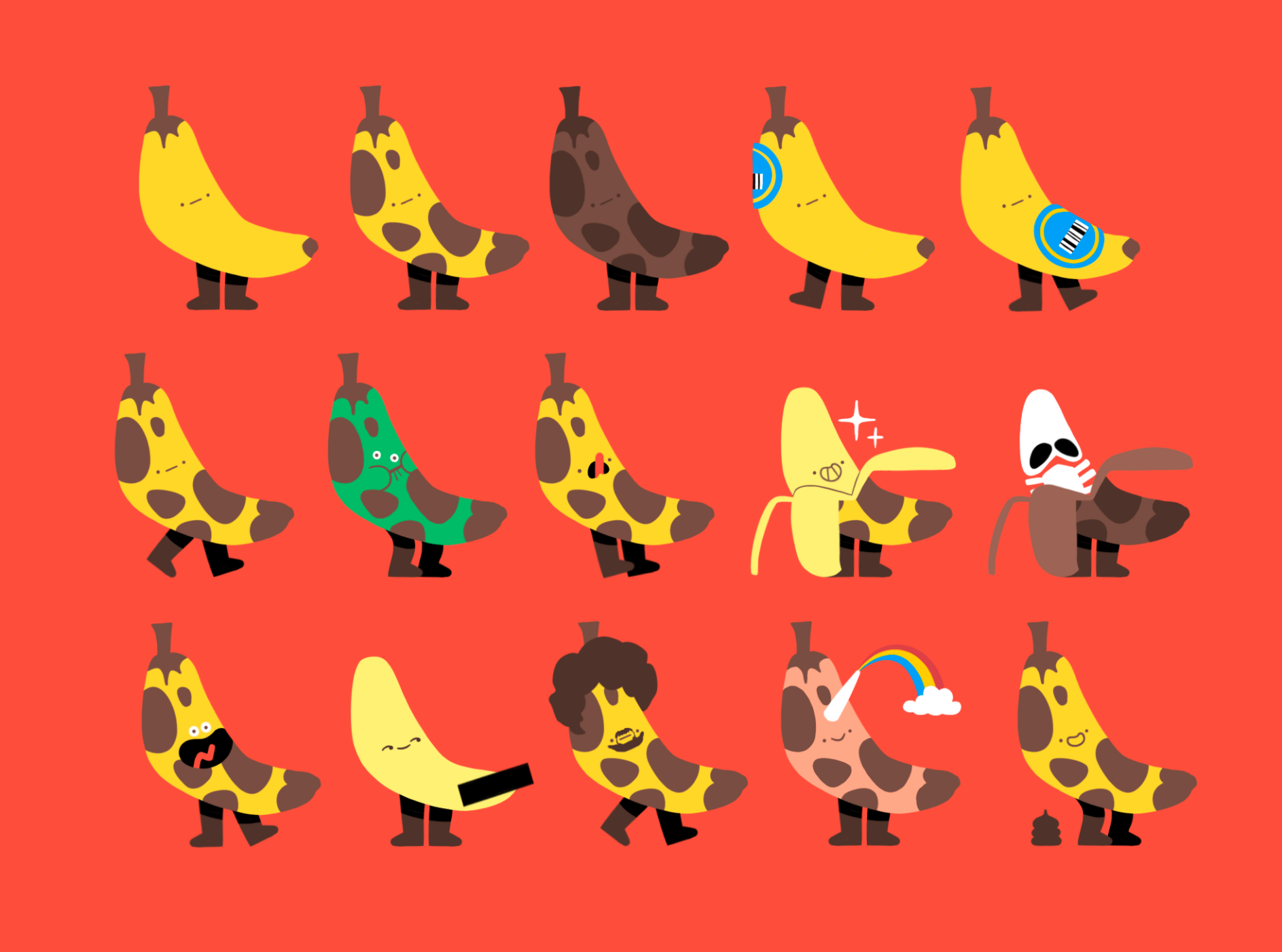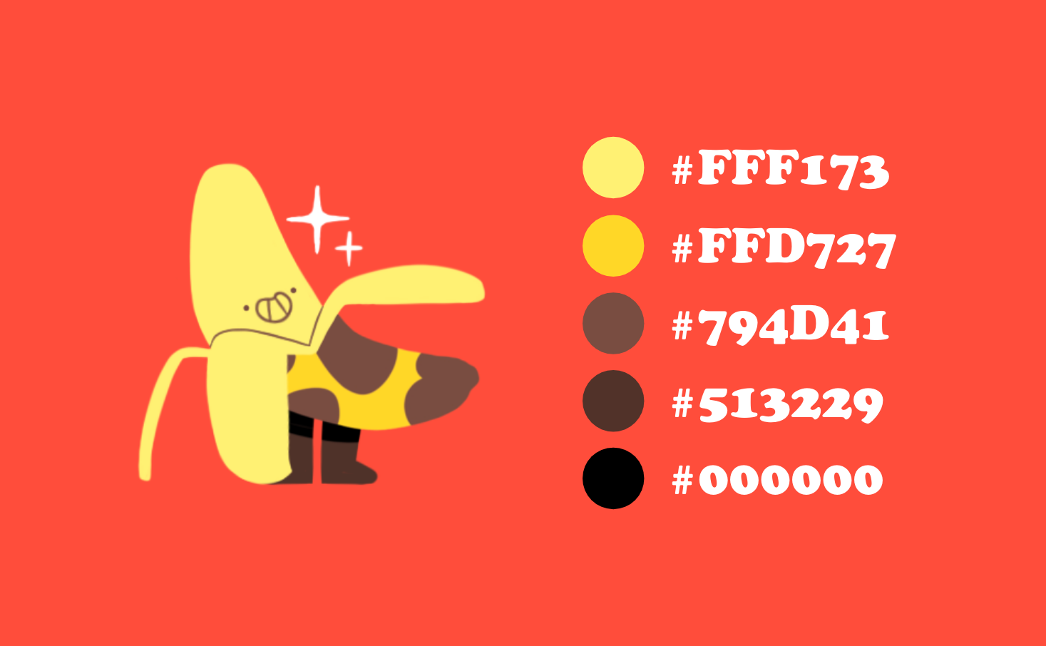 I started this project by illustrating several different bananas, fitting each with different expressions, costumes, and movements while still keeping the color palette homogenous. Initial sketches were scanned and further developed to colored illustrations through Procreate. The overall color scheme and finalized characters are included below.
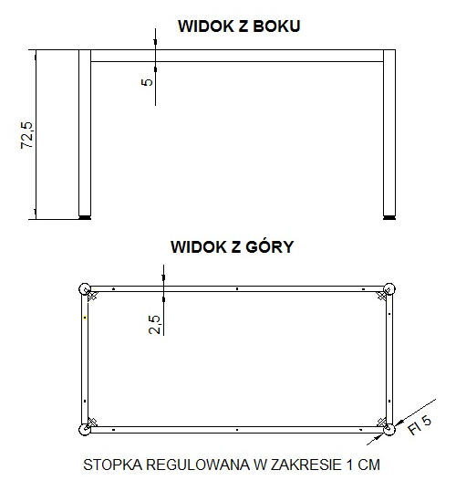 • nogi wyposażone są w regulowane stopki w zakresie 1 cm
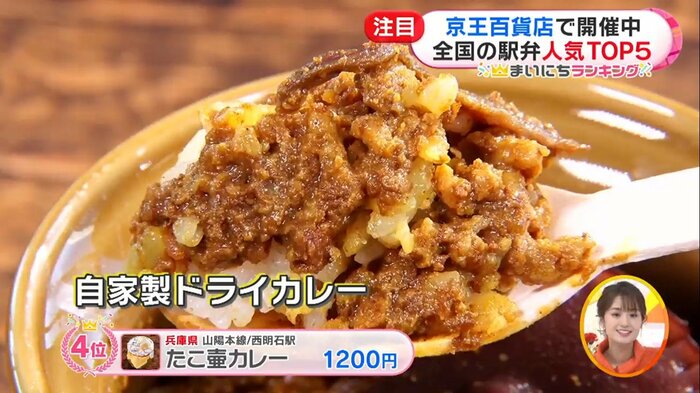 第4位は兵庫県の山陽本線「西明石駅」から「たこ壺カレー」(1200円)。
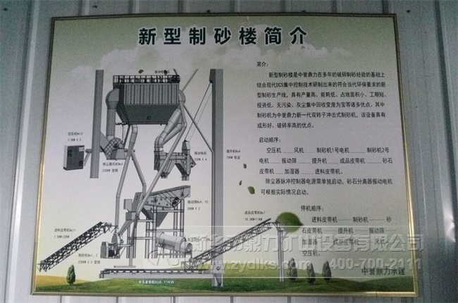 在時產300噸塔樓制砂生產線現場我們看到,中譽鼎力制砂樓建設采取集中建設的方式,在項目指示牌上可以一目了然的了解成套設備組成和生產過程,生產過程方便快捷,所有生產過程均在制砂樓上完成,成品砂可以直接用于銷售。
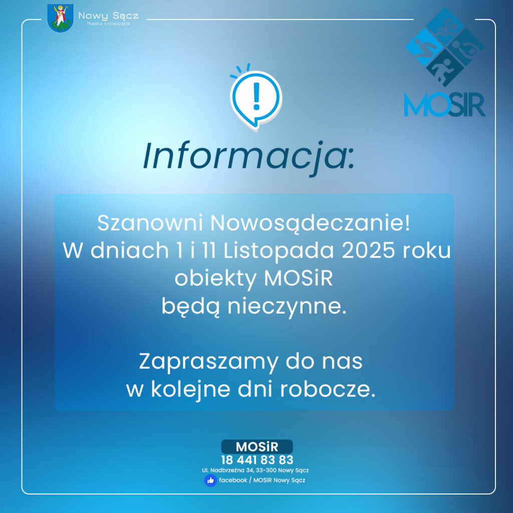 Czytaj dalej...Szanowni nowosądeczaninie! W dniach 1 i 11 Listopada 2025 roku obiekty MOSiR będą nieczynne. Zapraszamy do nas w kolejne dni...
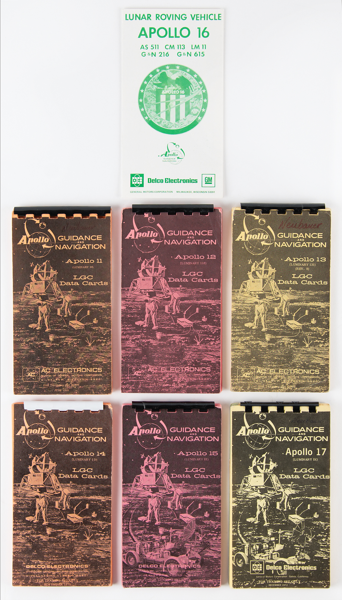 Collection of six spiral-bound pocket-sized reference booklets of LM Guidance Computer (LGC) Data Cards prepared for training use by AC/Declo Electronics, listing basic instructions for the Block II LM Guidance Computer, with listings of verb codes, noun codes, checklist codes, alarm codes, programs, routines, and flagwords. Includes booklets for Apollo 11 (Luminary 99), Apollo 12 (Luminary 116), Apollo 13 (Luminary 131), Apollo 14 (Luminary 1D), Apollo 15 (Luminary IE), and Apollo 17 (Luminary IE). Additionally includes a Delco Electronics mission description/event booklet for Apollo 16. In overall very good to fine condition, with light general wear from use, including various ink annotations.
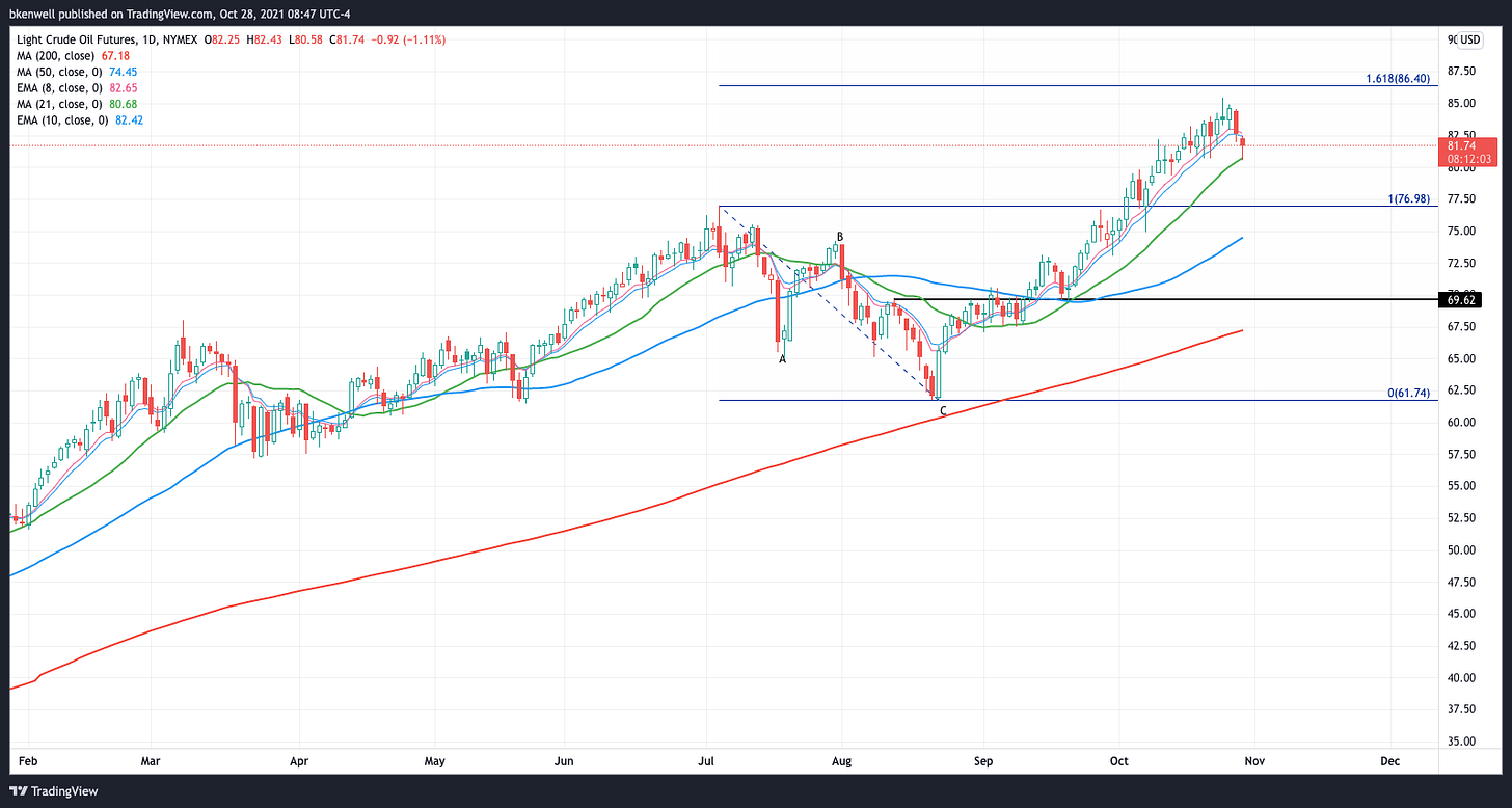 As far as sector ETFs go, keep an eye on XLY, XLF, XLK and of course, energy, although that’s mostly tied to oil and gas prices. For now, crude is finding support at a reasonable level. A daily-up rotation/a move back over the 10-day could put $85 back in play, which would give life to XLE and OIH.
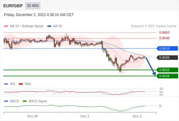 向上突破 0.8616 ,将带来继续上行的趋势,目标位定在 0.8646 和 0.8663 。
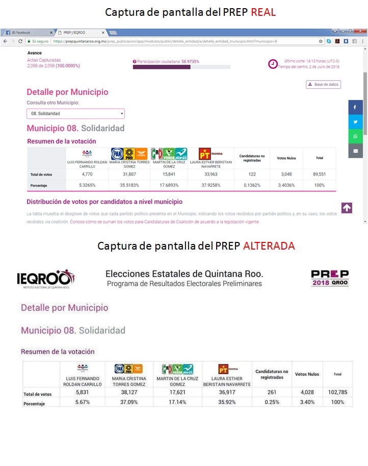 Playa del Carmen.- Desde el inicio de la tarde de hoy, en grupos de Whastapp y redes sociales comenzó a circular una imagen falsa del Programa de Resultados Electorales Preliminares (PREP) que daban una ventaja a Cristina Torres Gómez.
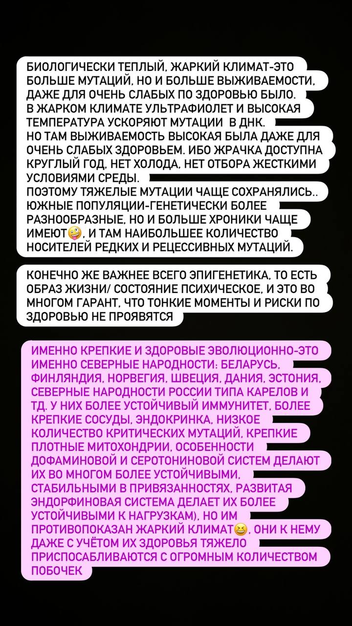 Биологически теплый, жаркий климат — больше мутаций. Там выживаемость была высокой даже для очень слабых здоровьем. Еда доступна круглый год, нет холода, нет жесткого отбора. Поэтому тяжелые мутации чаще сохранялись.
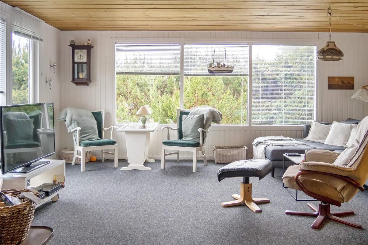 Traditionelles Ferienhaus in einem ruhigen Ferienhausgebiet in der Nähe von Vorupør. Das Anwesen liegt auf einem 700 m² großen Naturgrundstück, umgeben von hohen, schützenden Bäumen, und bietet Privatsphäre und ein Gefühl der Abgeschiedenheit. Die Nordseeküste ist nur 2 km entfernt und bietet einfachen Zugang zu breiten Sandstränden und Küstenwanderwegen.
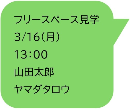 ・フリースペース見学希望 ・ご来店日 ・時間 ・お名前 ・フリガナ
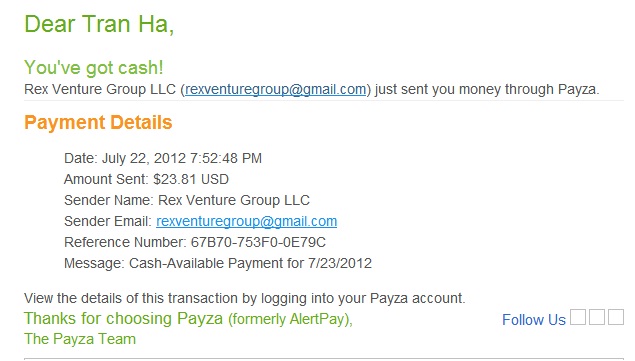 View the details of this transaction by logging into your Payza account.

..........

Exactly as they appear, print the lines of the listing above from its first line through the line that contains "As far as sector", minus the pictures.

_ANSWER SECTION_
 I started this project by illustrating several different bananas, fitting each with different expressions, costumes, and movements while still keeping the color palette homogenous. Initial sketches were scanned and further developed to colored illustrations through Procreate. The overall color scheme and finalized characters are included below.
 • nogi wyposażone są w regulowane stopki w zakresie 1 cm
 第4位は兵庫県の山陽本線「西明石駅」から「たこ壺カレー」(1200円)。
 在時產300噸塔樓制砂生產線現場我們看到,中譽鼎力制砂樓建設采取集中建設的方式,在項目指示牌上可以一目了然的了解成套設備組成和生產過程,生產過程方便快捷,所有生產過程均在制砂樓上完成,成品砂可以直接用于銷售。
 Czytaj dalej...Szanowni nowosądeczaninie! W dniach 1 i 11 Listopada 2025 roku obiekty MOSiR będą nieczynne. Zapraszamy do nas w kolejne dni...
 Collection of six spiral-bound pocket-sized reference booklets of LM Guidance Computer (LGC) Data Cards prepared for training use by AC/Declo Electronics, listing basic instructions for the Block II LM Guidance Computer, with listings of verb codes, noun codes, checklist codes, alarm codes, programs, routines, and flagwords. Includes booklets for Apollo 11 (Luminary 99), Apollo 12 (Luminary 116), Apollo 13 (Luminary 131), Apollo 14 (Luminary 1D), Apollo 15 (Luminary IE), and Apollo 17 (Luminary IE). Additionally includes a Delco Electronics mission description/event booklet for Apollo 16. In overall very good to fine condition, with light general wear from use, including various ink annotations.
 As far as sector ETFs go, keep an eye on XLY, XLF, XLK and of course, energy, although that’s mostly tied to oil and gas prices. For now, crude is finding support at a reasonable level. A daily-up rotation/a move back over the 10-day could put $85 back in play, which would give life to XLE and OIH.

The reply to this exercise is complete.